Затем стемнело, и я понял, что в этом море пребывает много Богов и Богинь и Их чувства изменчивы. Определенно, змеи, поднимавшиеся из воды, теперь разбивались о берег с большей силой, производя звук, напоминавший гром. Брызги начали щипать мне глаза. Я был счастлив, когда поднялся на холм, отдаливший меня от подобного коварства, однако когда вылез из колесницы, чтобы переставлять колеса с одной гладкой площадки на другую, то понял, что холм представляет собой цельную скалу и что рабочие — в те давние времена, пожалуй, при Тутмосе Третьем, или это было ближе к началу, при Хуфу? — трудились на протяжении многих лет, чтобы вырезать эти ступени на дороге к Тиру. Это была настоящая лестница, и она могла бы произвести на меня большее впечатление, если бы наши египетские творения не были бы несравненно величественнее. Все же я узнал о море еще одну истину. Ибо в темноте вода ударила в стену под дорогой, и, ощутив, как дрогнула скала, я вспомнил чувство, которое испытываешь, когда стоишь на низкой стене крепости, ворота которой пытается пробить тараном осаждающая ее армия.

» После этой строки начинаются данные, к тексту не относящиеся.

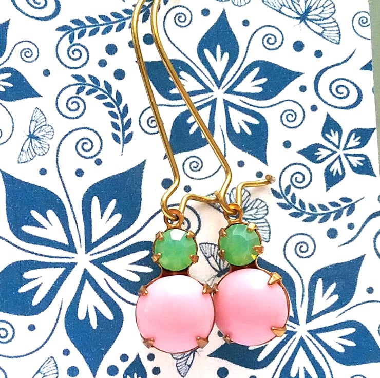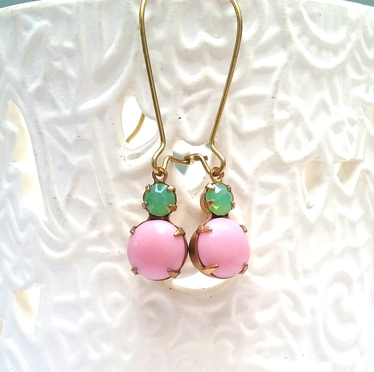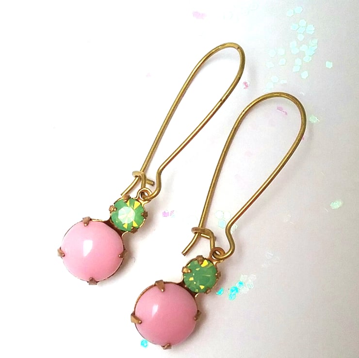 Gorgeous vintage glass earrings pastel pink and opal green glass gems set into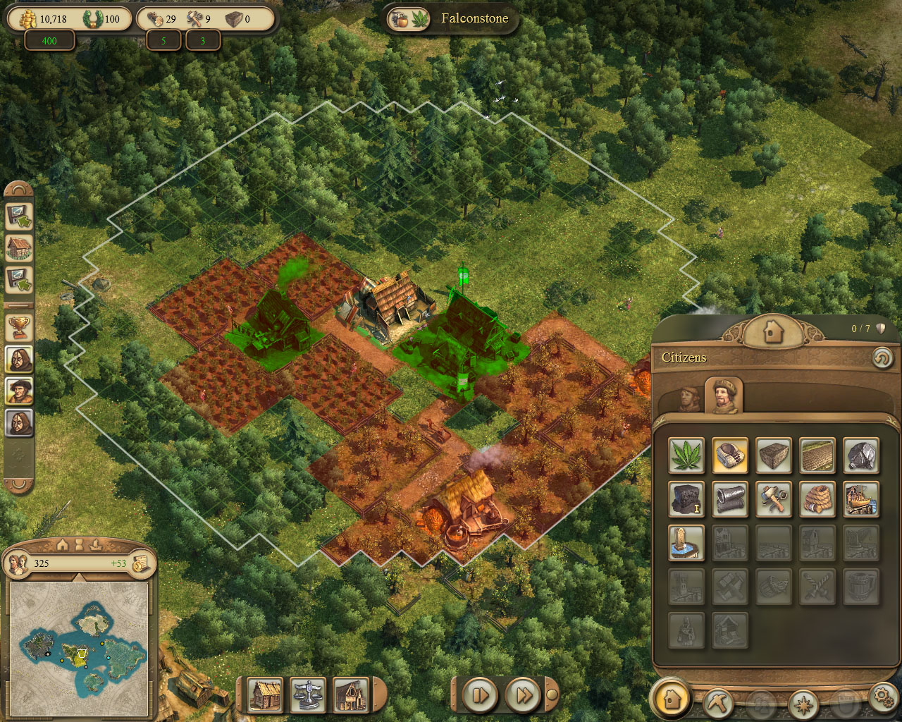 注意:发展到这个阶段,你的财政可能已经开始出现赤字。为了解决这个问题,你可以点击任意的民居,然后将税收从深绿色的区块调至浅绿色或黄色的区块

Брызги долетели сюда, на высоту в пятьдесят или почти сто локтей над морем, и, когда я взглянул вниз, в почти кромешную тьму, у Великой Зелени был миллион, бесконечное число ртов с белой пеной на всех них, и она рычала и чавкала и цеплялась за берег, как лев, терзающий свою добычу. Пока я был поглощен этим зрелищем, самый большой водяной змей, которого я только видел, величиной с Нил, нанес страшный удар и, к счастью, разбился о скалу, но громадный осколок каменной стены издал стон, с треском выломился из своего гнезда и упал в море. Я так сильно дрожал от этого посягательства на мою дорогу и от беспредельного гнева настоящих Богов Великой Зелени, который смог почувствовать, что задумался, осмелюсь ли я завтра утром взойти на корабль и поплыть по таким змеям на расположенный на острове Новый Тир. Могу лишь сказать, что, как только мы перевалили через холм, дорога, к моему облегчению, повернула в глубь берега, и я разбил лагерь, поел вместе с лошадьми немного влажного зерна, а затем заснул, дрожа в своей промокшей одежде.